Beginning with the first entry, restate the data word for word and leave out the images.

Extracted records
***

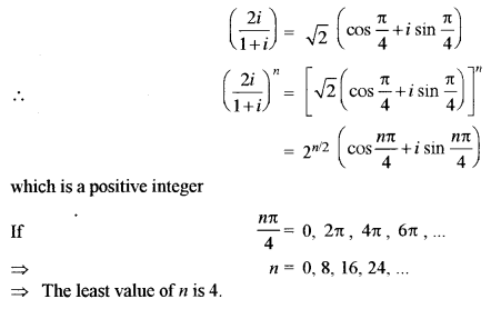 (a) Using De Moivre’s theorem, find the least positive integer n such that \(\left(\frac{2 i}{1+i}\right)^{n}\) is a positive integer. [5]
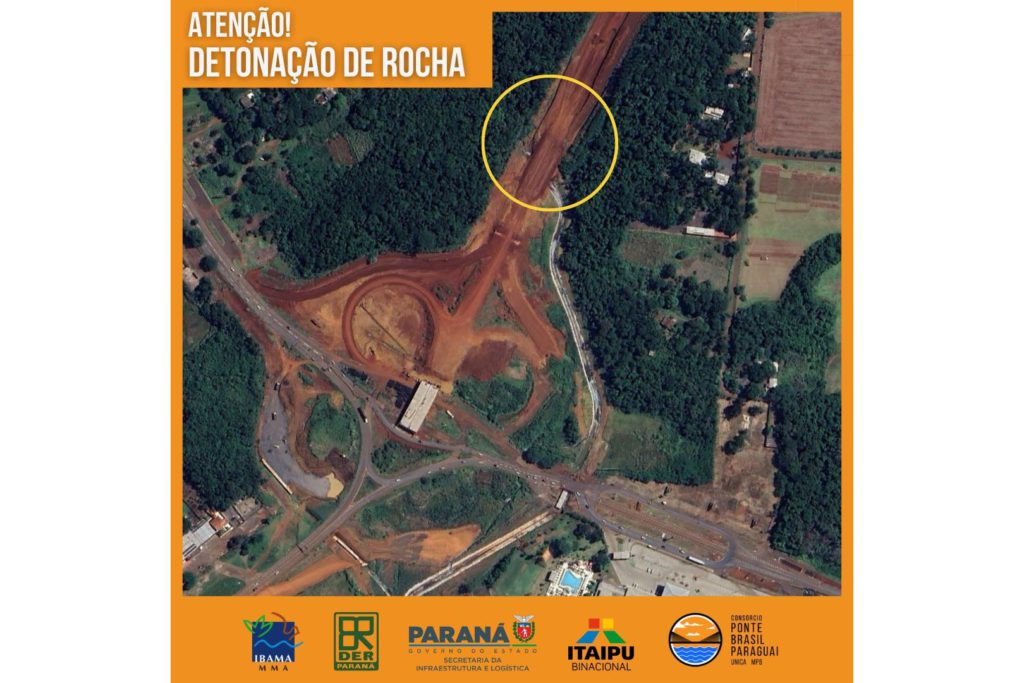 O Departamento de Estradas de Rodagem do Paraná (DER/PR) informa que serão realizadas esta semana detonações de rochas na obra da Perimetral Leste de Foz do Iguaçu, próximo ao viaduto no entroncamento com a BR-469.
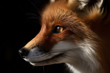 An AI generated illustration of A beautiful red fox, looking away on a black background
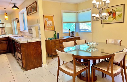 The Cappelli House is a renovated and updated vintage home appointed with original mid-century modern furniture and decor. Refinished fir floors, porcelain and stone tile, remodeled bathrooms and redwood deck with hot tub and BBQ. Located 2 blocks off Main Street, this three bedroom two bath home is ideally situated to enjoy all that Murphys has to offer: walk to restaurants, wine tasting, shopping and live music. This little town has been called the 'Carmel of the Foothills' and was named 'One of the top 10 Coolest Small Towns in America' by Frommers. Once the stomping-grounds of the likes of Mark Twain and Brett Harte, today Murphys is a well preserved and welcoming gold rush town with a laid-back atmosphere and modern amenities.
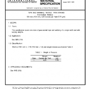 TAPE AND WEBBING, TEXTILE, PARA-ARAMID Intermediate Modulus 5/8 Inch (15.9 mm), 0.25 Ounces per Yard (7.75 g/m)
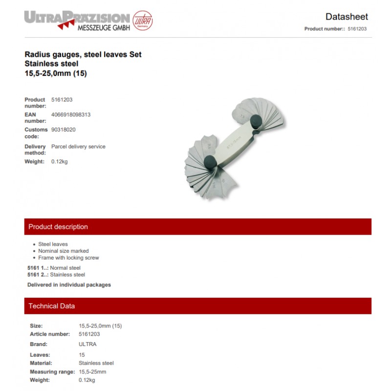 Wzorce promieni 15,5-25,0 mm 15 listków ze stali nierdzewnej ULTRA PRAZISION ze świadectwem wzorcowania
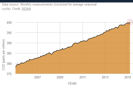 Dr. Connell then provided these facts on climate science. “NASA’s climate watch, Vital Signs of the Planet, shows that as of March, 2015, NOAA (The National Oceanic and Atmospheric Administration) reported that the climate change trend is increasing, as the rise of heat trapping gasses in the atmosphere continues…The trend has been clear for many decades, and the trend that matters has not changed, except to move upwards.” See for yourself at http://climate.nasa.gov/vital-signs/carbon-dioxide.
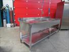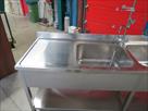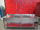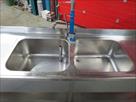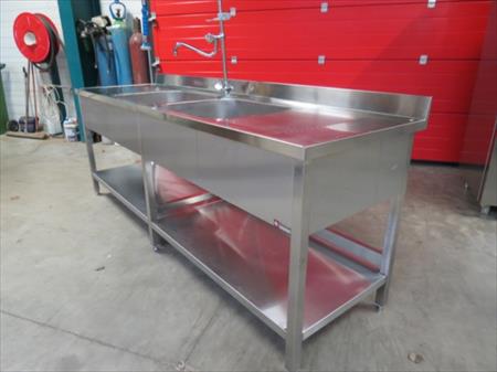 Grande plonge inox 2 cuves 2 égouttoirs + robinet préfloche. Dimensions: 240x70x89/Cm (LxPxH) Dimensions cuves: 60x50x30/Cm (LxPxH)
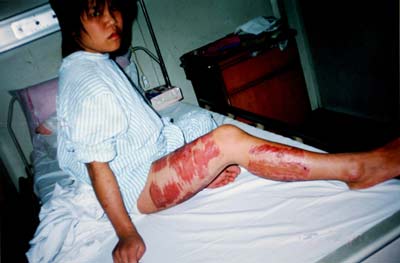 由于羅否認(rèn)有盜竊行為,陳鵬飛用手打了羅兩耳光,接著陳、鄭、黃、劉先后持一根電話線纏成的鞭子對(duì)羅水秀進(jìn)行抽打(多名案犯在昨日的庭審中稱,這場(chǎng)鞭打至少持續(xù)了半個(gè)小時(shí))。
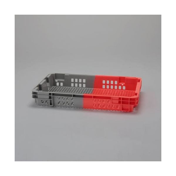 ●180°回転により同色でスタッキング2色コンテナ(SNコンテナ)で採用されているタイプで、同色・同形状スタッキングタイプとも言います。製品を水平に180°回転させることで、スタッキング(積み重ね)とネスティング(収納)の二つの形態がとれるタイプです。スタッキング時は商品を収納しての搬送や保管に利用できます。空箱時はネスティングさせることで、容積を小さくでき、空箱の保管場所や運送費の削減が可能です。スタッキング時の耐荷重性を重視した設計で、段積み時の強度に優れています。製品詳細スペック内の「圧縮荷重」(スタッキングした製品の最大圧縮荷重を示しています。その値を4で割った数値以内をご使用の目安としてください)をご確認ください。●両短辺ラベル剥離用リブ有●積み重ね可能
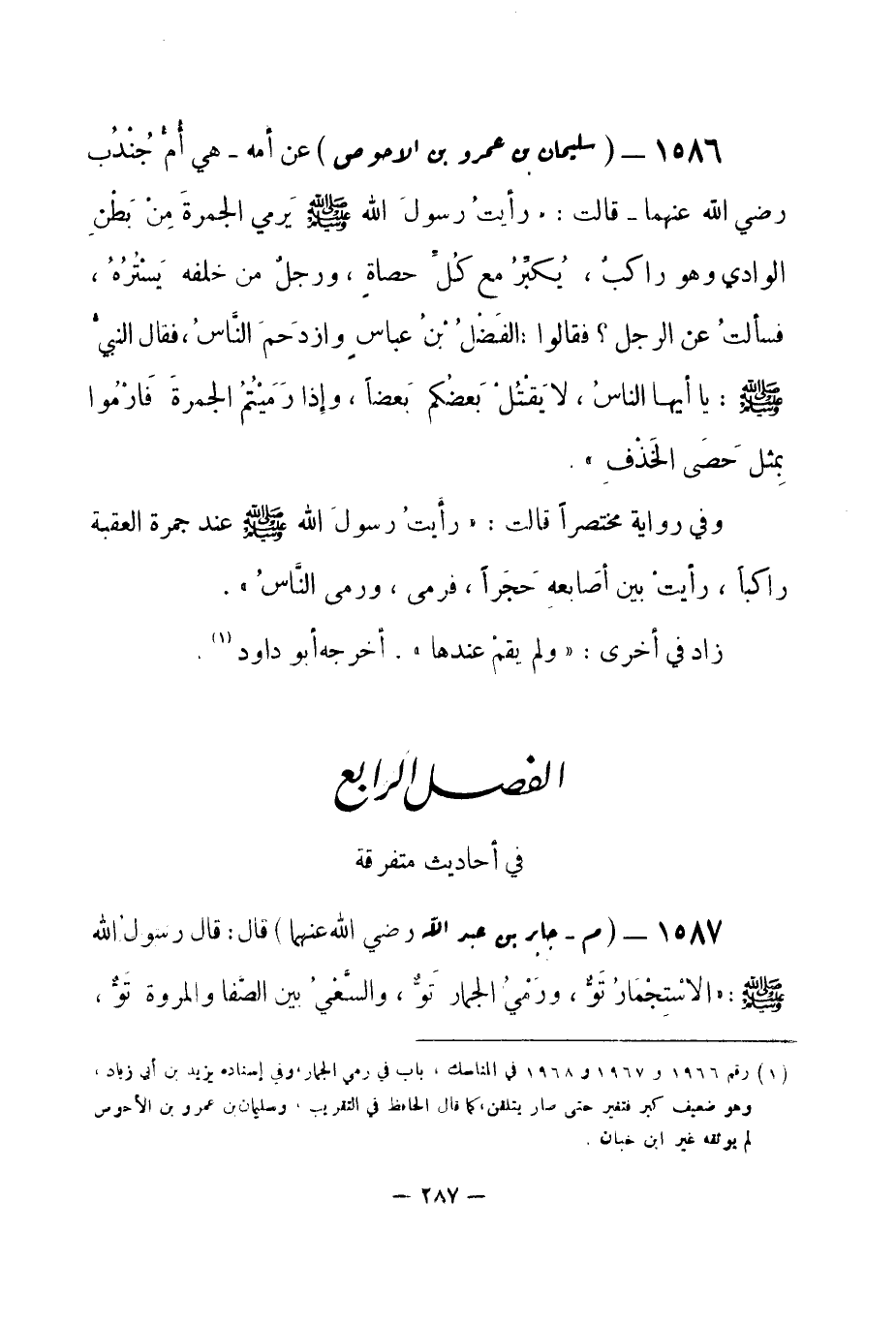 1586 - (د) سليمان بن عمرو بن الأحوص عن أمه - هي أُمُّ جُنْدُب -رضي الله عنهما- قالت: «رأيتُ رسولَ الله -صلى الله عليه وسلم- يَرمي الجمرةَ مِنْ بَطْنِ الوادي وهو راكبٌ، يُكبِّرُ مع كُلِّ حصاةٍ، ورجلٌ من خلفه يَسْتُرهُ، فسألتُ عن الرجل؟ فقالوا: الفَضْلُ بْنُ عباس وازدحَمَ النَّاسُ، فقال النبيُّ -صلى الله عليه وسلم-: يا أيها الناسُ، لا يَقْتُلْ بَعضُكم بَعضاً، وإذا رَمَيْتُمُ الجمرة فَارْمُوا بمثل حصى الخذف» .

***

- _COMPLETED EXERCISE_:
 (a) Using De Moivre’s theorem, find the least positive integer n such that \(\left(\frac{2 i}{1+i}\right)^{n}\) is a positive integer. [5]
 O Departamento de Estradas de Rodagem do Paraná (DER/PR) informa que serão realizadas esta semana detonações de rochas na obra da Perimetral Leste de Foz do Iguaçu, próximo ao viaduto no entroncamento com a BR-469.
 An AI generated illustration of A beautiful red fox, looking away on a black background
 The Cappelli House is a renovated and updated vintage home appointed with original mid-century modern furniture and decor. Refinished fir floors, porcelain and stone tile, remodeled bathrooms and redwood deck with hot tub and BBQ. Located 2 blocks off Main Street, this three bedroom two bath home is ideally situated to enjoy all that Murphys has to offer: walk to restaurants, wine tasting, shopping and live music. This little town has been called the 'Carmel of the Foothills' and was named 'One of the top 10 Coolest Small Towns in America' by Frommers. Once the stomping-grounds of the likes of Mark Twain and Brett Harte, today Murphys is a well preserved and welcoming gold rush town with a laid-back atmosphere and modern amenities.
 TAPE AND WEBBING, TEXTILE, PARA-ARAMID Intermediate Modulus 5/8 Inch (15.9 mm), 0.25 Ounces per Yard (7.75 g/m)
 Wzorce promieni 15,5-25,0 mm 15 listków ze stali nierdzewnej ULTRA PRAZISION ze świadectwem wzorcowania
 Dr. Connell then provided these facts on climate science. “NASA’s climate watch, Vital Signs of the Planet, shows that as of March, 2015, NOAA (The National Oceanic and Atmospheric Administration) reported that the climate change trend is increasing, as the rise of heat trapping gasses in the atmosphere continues…The trend has been clear for many decades, and the trend that matters has not changed, except to move upwards.” See for yourself at http://climate.nasa.gov/vital-signs/carbon-dioxide.
 Grande plonge inox 2 cuves 2 égouttoirs + robinet préfloche. Dimensions: 240x70x89/Cm (LxPxH) Dimensions cuves: 60x50x30/Cm (LxPxH)
 由于羅否認(rèn)有盜竊行為,陳鵬飛用手打了羅兩耳光,接著陳、鄭、黃、劉先后持一根電話線纏成的鞭子對(duì)羅水秀進(jìn)行抽打(多名案犯在昨日的庭審中稱,這場(chǎng)鞭打至少持續(xù)了半個(gè)小時(shí))。
 ●180°回転により同色でスタッキング2色コンテナ(SNコンテナ)で採用されているタイプで、同色・同形状スタッキングタイプとも言います。製品を水平に180°回転させることで、スタッキング(積み重ね)とネスティング(収納)の二つの形態がとれるタイプです。スタッキング時は商品を収納しての搬送や保管に利用できます。空箱時はネスティングさせることで、容積を小さくでき、空箱の保管場所や運送費の削減が可能です。スタッキング時の耐荷重性を重視した設計で、段積み時の強度に優れています。製品詳細スペック内の「圧縮荷重」(スタッキングした製品の最大圧縮荷重を示しています。その値を4で割った数値以内をご使用の目安としてください)をご確認ください。●両短辺ラベル剥離用リブ有●積み重ね可能
 1586 - (د) سليمان بن عمرو بن الأحوص عن أمه - هي أُمُّ جُنْدُب -رضي الله عنهما- قالت: «رأيتُ رسولَ الله -صلى الله عليه وسلم- يَرمي الجمرةَ مِنْ بَطْنِ الوادي وهو راكبٌ، يُكبِّرُ مع كُلِّ حصاةٍ، ورجلٌ من خلفه يَسْتُرهُ، فسألتُ عن الرجل؟ فقالوا: الفَضْلُ بْنُ عباس وازدحَمَ النَّاسُ، فقال النبيُّ -صلى الله عليه وسلم-: يا أيها الناسُ، لا يَقْتُلْ بَعضُكم بَعضاً، وإذا رَمَيْتُمُ الجمرة فَارْمُوا بمثل حصى الخذف» .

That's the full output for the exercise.